The Distributed Extreme Environment Drive System (DEEDS) is an advanced space-rated avionic and actuation control system that addresses a wide thermal range of operations for harsh environments. This new technology development, undertaken by Motiv Space Systems (Motiv), addresses some of the most stringent environmental requirements of lunar and deep space exploration. It will enable sustained operations for critical systems like lunar rovers, robotics, cranes, offload equipment, ISRU processing equipment, and cargo manipulation systems. DEEDS was funded under NASA’s SBIR ‘Moon to Mars’ Sequential Program and builds on previously established cryogenic operating avionic SBIR-funded technologies that have been successfully commercialized for orbital and lunar lander systems.
SYSTEM CAPABILITIES
DEEDS is made up of a highly capable avionic motion control system that is integrated with a modular mechanical drive system. A first of its kind, Motiv is driving technology maturation through a test and qualification program that will validate a scalable architecture benefitting any of the primary developers of lunar exploration equipment that needs to operate well beyond the typical single lunar cycle mission. DEEDS is intended to show operational thermal cycling lifetimes of greater than five years and become critically infused technology for Artemis and other deep space missions.
DEEDS’ avionics leverage decades of prior JPL/NASA/Industry research dedicated to identifying components that operate at -180°C and tolerate 125°C. Specific families of electronic components demonstrate normal functionality at cryogenic temperatures and allow for integrated systems to meet the functional needs of operating in Permanently Shadowed Regions (PSRs), Mars polar sites, or deep space ocean worlds such as Europa or Enceladus without the reliance upon survival heating.

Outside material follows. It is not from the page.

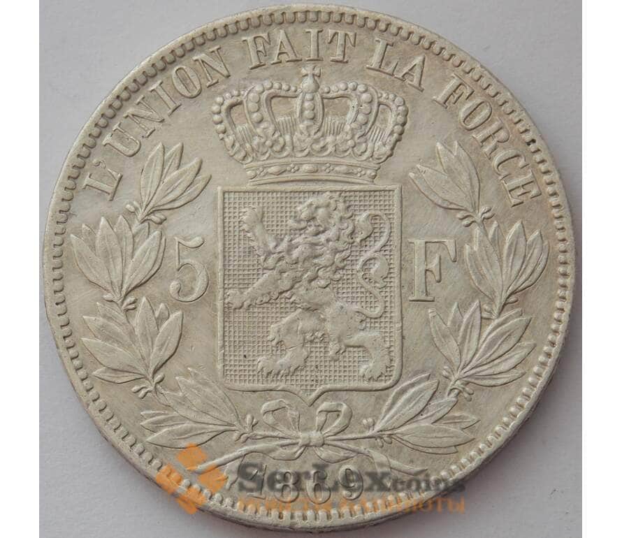 Монета Бельгия 5 франков 1869 КМ24 XF Серебро (J05.19) арт. 16165

This “built-in resilience” yields savings in power and mass attributed to thermal management systems. Motiv has taken the approach of design for the environment to the extremes by qualifying hardware to sustain and operate through these harsh environments at the core technology level. The design objectives also include utilizing 100 krad components throughout.

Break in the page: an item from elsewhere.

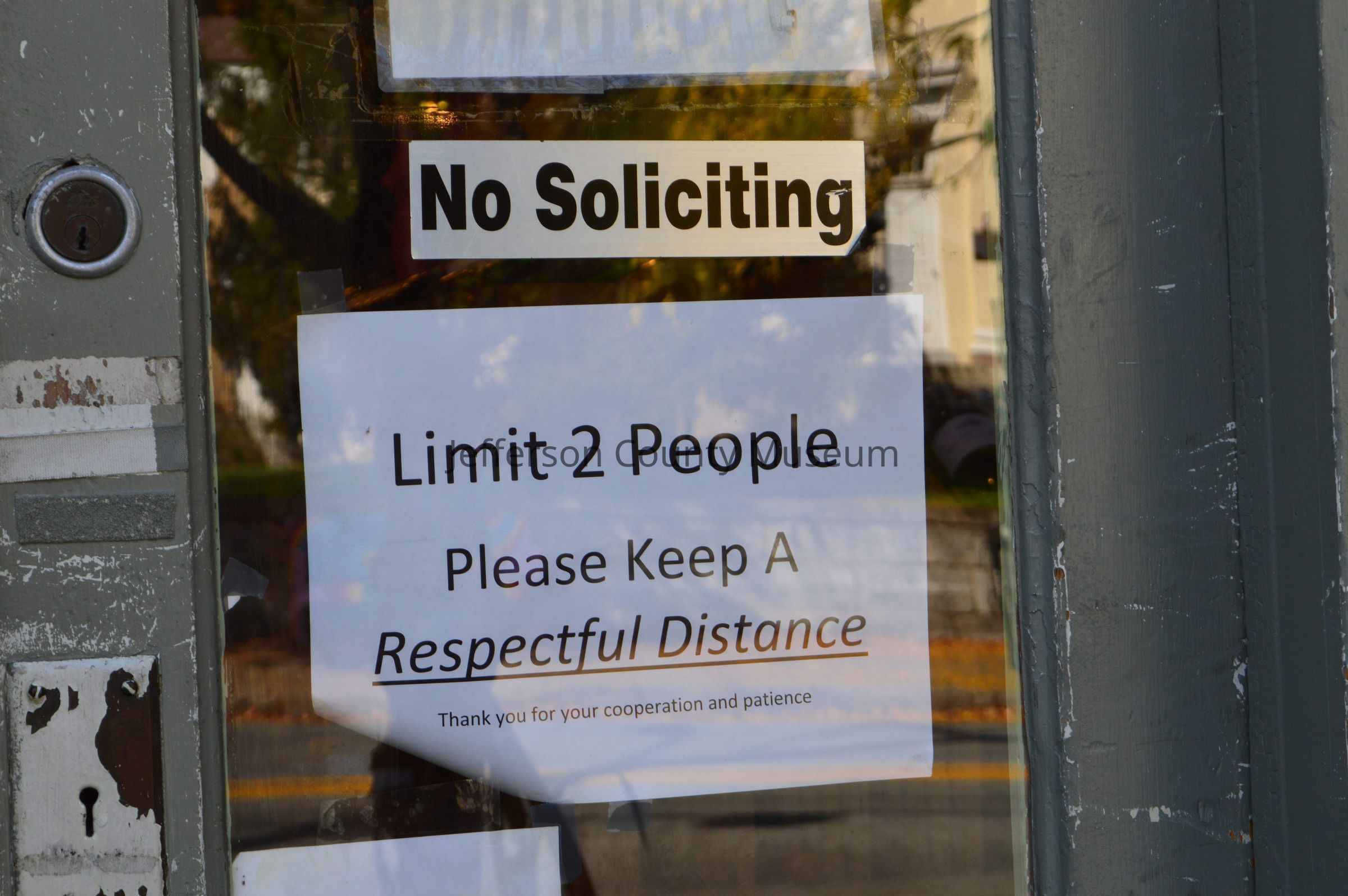 IMG3807003: Sign on window of front door that reads: Limit 2 People. Please Keep a Respectful Distance

The capabilities of the DEEDS controller section are significant, with a 28V-120V wide operating input bus voltage range. These voltages span typical spacecraft operational ranges for both robotic and human exploration critical systems. Total current production reaches up to 20A and approaches 2.5 kW of output power. Dual brake controls exist for either power-off systems, which require pull-in capabilities for operation, or power-on brakes used to energize restraint systems when utilized in systems that require active braking, such as human-driven rovers. The controller is also outfitted with dual resolver sensing for fine resolution when operations dictate fine positioning or velocity controls. Finally, the controller supports a variety of commutation schemes as required by the operation serviced.

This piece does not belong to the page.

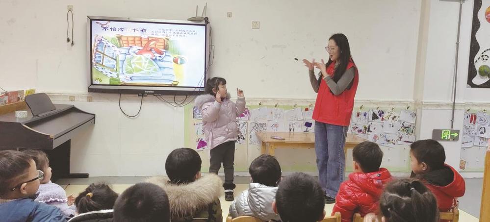 “阅享童年”志愿者老师和孩子们一起做游戏。 盐城晚报讯 为激发和引

Operational modes include a closed-loop control schema for velocity and position control. For specific torque control dominated operations, both current control and utilization of locally derived actuator torque sensing are available. The controller also supports motion profiling to execute various user-defined operations.
BULK METALLIC GLASS
In addition to the cryogenic avionic operations, Motiv is leveraging the emergence of Bulk Metallic Glass (BMG) in the construction of the geared torque production system. The actuation system is a scalable, modular component that allows for multiple stages of planetary gearing, a power-off brake (typical for robotic operations), a power-on brake (equivalent to the brake pedal in a vehicle), fine resolution output resolver sensing, and a cryogenic brushless DC motor. This can be adjusted to meet specific output torque production needs as required by varied user applications. Recent developments in BMG materials used in planetary gear systems have shown excellent wear properties with specific alloys. Not only does the material wear well with minimal galling, but gears have been operated cryogenically without the need for lubricants. Demonstrating long-life operations, down to -180°C, through dozens of deep thermal cycles, consistent with a lunar rover mission of 5+ years, is a game-changing achievement.
While configurable to a multitude of operational cases and configurations, the initial DEEDS specification was based upon a popular “corner case” promoted by NASA’s LTV definition. The LTV specification is desirous of a 500 kg rover with a 500 kg payload capacity, >10 kmph traverse, and capabilities for cornering and driving up and down inclines. The extrapolated requirements established the electrical and mechanical requirements for an LTV wheel system supported by the DEEDS architecture.